Requirement:
What is needed is a verbatim copy of the data, minus the pictures.

Recorded data:
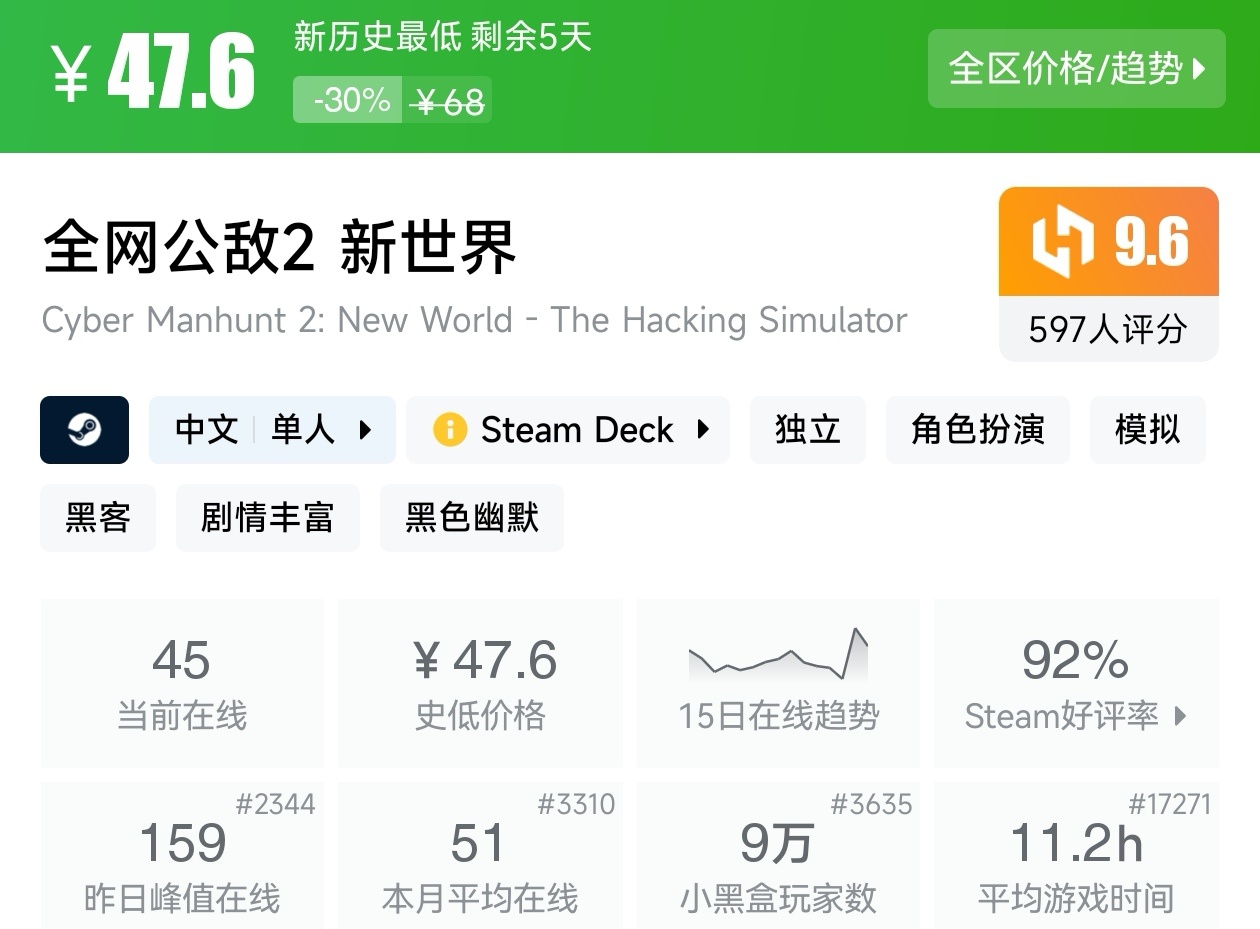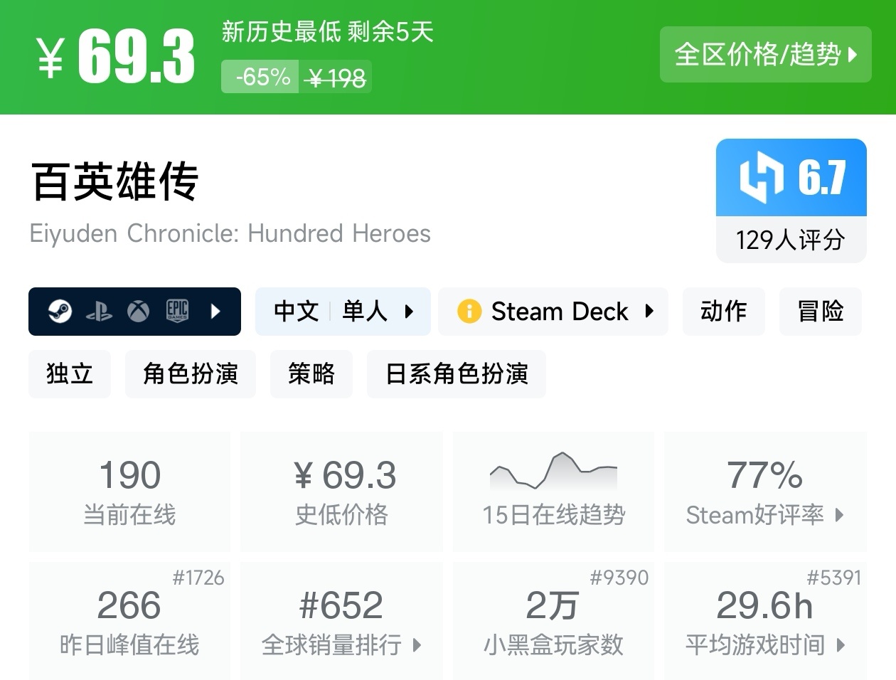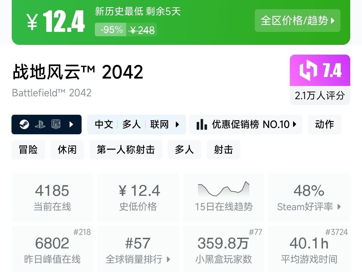 大家好,没错,又是我,你们的老朋友亦然,在最近,夏促这不是快到了,当然每次大促,都会有很多游戏抢跑,夏促自然也不例外,在其中新史低游戏更是多,那么,就跟我去看看有哪些,其实新史低游戏买起来最有安全感,至少在很长一段时间都不会更低,我将为各位进行一个汇总,希望我的汇总,能够帮助各位盒友挑选心仪的游戏。
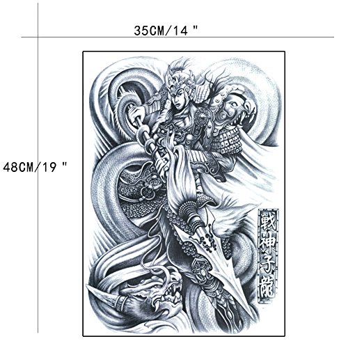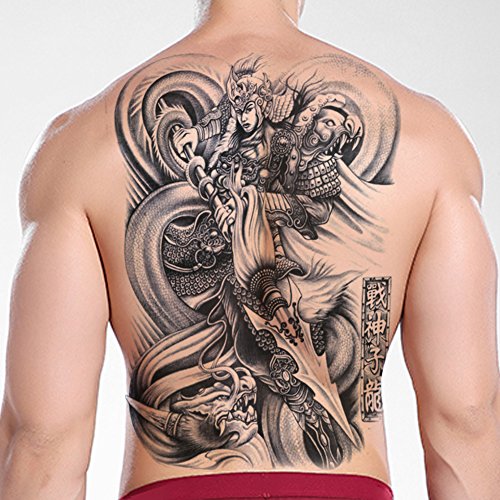 TAFLY Waterproof Temporary Tattoo Sticker Chinese Ancient Hero Men's Whole Back Large Water Transfer Fake Tattoo 2 Sheets
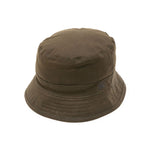 dark moss green cotton waxed embroidered logo to the front tonal stitching flat crown dropped narrow brim checked lining Waxed cotton bucket hat Size and Fit - BRIM: 5.0 Centimetres. CIRCUMFERENCE: 56.0 Centimetres.
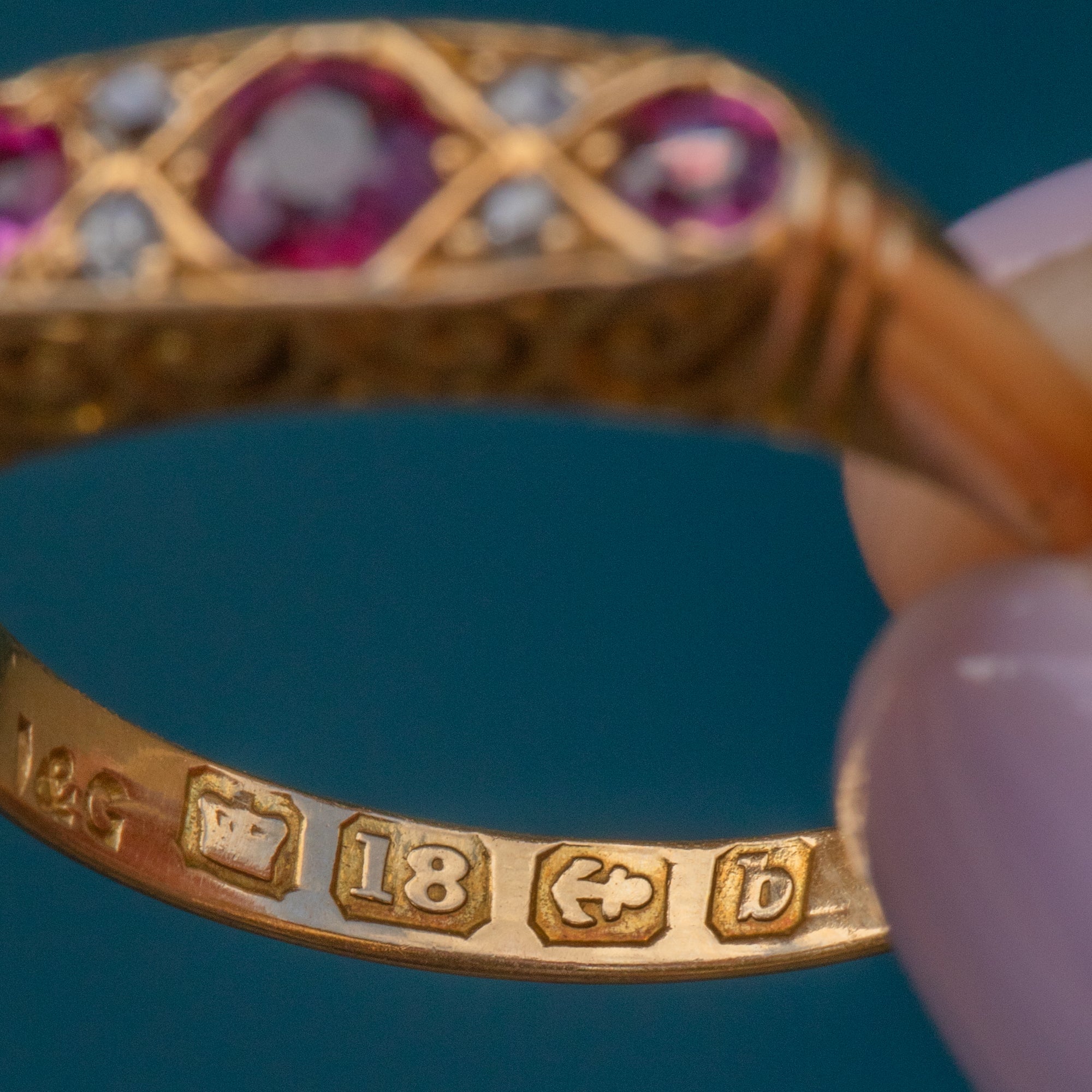 I&G Makers mark, Crown, 18, Birmingham Anchor, Date letter 'b' for the year 1901 inside band.

Output:
 大家好,没错,又是我,你们的老朋友亦然,在最近,夏促这不是快到了,当然每次大促,都会有很多游戏抢跑,夏促自然也不例外,在其中新史低游戏更是多,那么,就跟我去看看有哪些,其实新史低游戏买起来最有安全感,至少在很长一段时间都不会更低,我将为各位进行一个汇总,希望我的汇总,能够帮助各位盒友挑选心仪的游戏。
 TAFLY Waterproof Temporary Tattoo Sticker Chinese Ancient Hero Men's Whole Back Large Water Transfer Fake Tattoo 2 Sheets
 dark moss green cotton waxed embroidered logo to the front tonal stitching flat crown dropped narrow brim checked lining Waxed cotton bucket hat Size and Fit - BRIM: 5.0 Centimetres. CIRCUMFERENCE: 56.0 Centimetres.
 I&G Makers mark, Crown, 18, Birmingham Anchor, Date letter 'b' for the year 1901 inside band.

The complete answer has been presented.